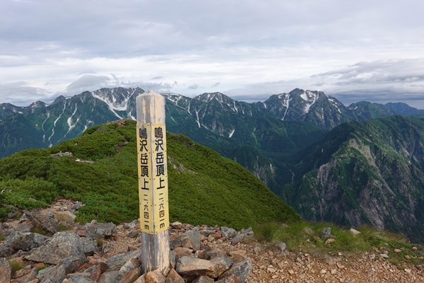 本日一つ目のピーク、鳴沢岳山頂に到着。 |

:::

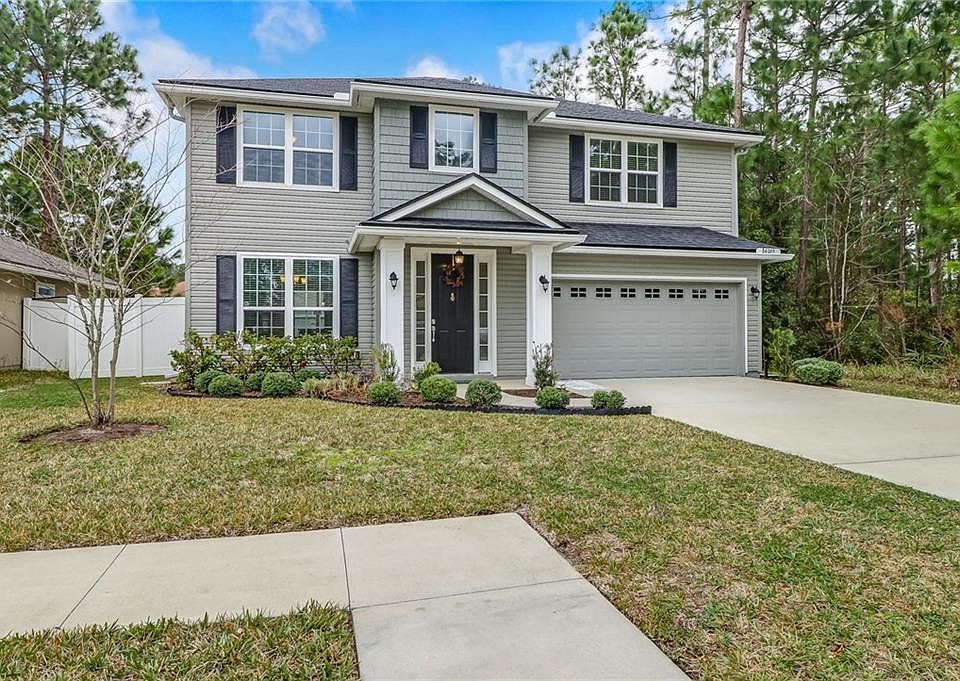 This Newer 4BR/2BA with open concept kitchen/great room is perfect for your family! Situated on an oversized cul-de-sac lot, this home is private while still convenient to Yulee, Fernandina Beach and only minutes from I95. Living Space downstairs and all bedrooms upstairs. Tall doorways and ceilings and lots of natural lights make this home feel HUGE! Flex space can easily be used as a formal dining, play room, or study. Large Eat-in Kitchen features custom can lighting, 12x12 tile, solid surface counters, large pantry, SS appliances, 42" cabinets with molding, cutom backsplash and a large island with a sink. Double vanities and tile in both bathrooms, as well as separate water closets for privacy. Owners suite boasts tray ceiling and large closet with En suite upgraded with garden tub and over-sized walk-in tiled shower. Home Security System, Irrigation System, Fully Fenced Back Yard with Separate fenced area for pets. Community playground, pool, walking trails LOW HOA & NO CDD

:::

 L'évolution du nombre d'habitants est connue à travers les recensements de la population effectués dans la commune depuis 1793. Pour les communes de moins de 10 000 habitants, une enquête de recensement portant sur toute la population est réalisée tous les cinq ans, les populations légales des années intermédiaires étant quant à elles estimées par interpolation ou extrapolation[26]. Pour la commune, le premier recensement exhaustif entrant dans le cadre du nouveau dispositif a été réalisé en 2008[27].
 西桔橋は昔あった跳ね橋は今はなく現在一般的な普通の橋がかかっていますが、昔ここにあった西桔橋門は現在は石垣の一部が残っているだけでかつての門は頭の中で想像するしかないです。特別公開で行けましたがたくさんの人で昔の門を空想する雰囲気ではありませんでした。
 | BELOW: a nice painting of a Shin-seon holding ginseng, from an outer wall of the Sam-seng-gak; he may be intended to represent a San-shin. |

:::

• **WHAT NEEDS TO BE DONE**
Reproduce only the lines above, starting at the line with "西桔橋は昔あった跳ね橋は今は" and ending at the line with "a San-shin. |", exactly as written.

• **EXERCISE RESULT**
 西桔橋は昔あった跳ね橋は今はなく現在一般的な普通の橋がかかっていますが、昔ここにあった西桔橋門は現在は石垣の一部が残っているだけでかつての門は頭の中で想像するしかないです。特別公開で行けましたがたくさんの人で昔の門を空想する雰囲気ではありませんでした。
 | BELOW: a nice painting of a Shin-seon holding ginseng, from an outer wall of the Sam-seng-gak; he may be intended to represent a San-shin. |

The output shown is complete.